High valve overlap engines have always been shit balls to get past emissions testing. That's why they sell them with a substandard one, and leave the power commander/reflash up to you... they can get nicked for selling polluting shite (see VW recently), and you can't. The K5 came out during what, the Euro 3 period? Things are quite a bit harsher now.
I had an injected Blackbird - the 99 model which was the first year after carbs. It was generally acknowledged that a properly set up carbed version was 5-7 km/hr faster than mine but setting up carbs spot on and keeping them there took a bit of work. After that, it all got a bit muddy with emission controls and other mods so comparisons weren't valid.
From my understanding there are a fair few Carby SV650s being raced which do the business fine against the EFI models. Someone may put me wrong there as I haven't been to a nationals round in a few years due to work, family, travel etc.
All I know is that I've recently started working on the carbs for my NC30, seems a less exact science compared to my only comparable FI experience, which was assisting with dyno tuning a few cars on a Link ECU's.
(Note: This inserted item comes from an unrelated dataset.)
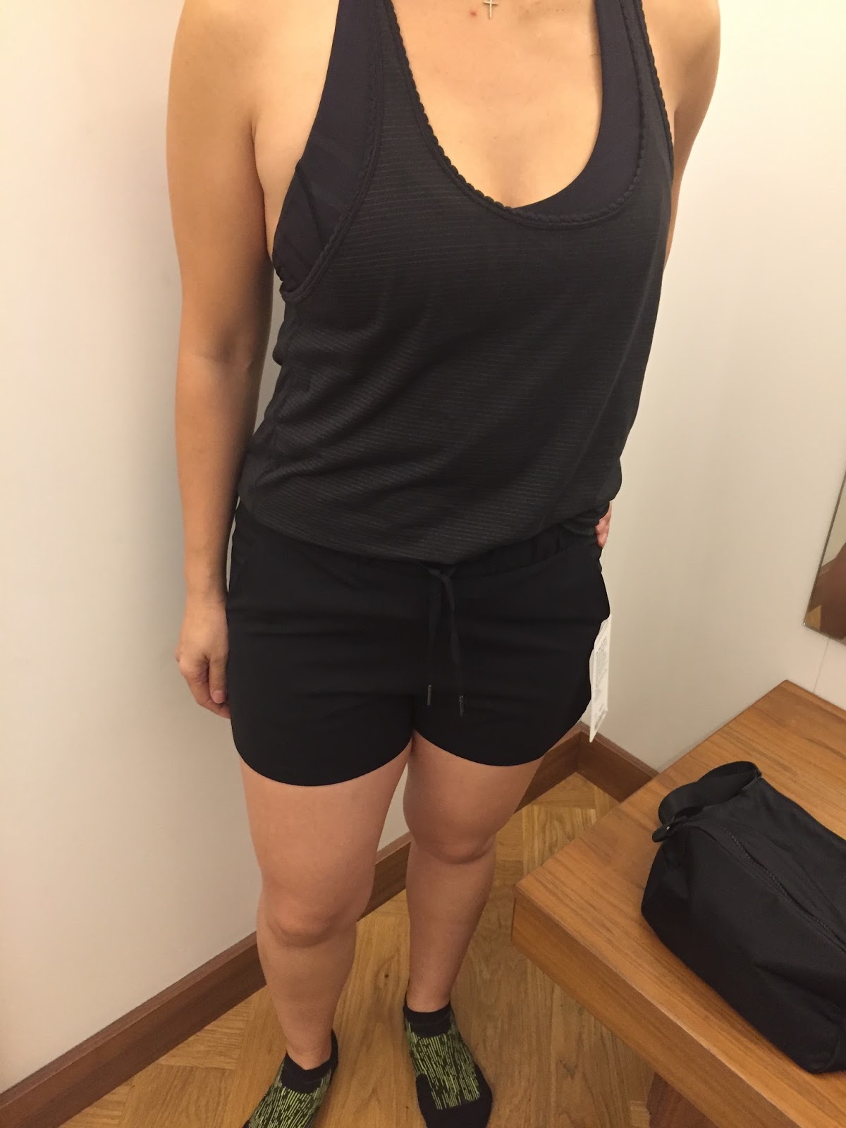 I tried on my TTS 6 in the On the Fly Short. It fit comfortably in the legs and waist but if you have a bum, the pockets stretch funny and pucker. Unfortunately, I didn’t have time to try on a size 8 to see if I had the same problem. I did like the feel of the fabric (very soft) and the length. I didn’t realize my tank was skewed until I came home and downloaded the pictures.

Seems like getting a bike running properly on carbs takes a lot of fiddling and above all experience, something I really don't have patience for . Doesn't help when there is 4 of the fucking things!
Down the line I hope to race an EFI bike of some description so I am looking forward to seeing how the turning works on a fuel injected bike as opposed to car. I imagine it is the same, add air, add fuel, add advance relative to throttle input = Power.
I had a Kawasaki Fury 125, '08 and a Yamaha VegaForce I 115, '13. Not identical, but close in specification and the Fury had done about 25,000 km. I bought the Yamaha brand new. The Fury returned 49.67 mpg, 17.58 km/l, and the Vega Force I returned 110.18 mpg, 39 km/l.
Not a very scientific report, but I would say the figures show a clear advantage to the FI.
Both sold now pending return to NZ, (and hopefully a real bike again...)
"Statistics are used as a drunk uses lampposts - for support, not illumination."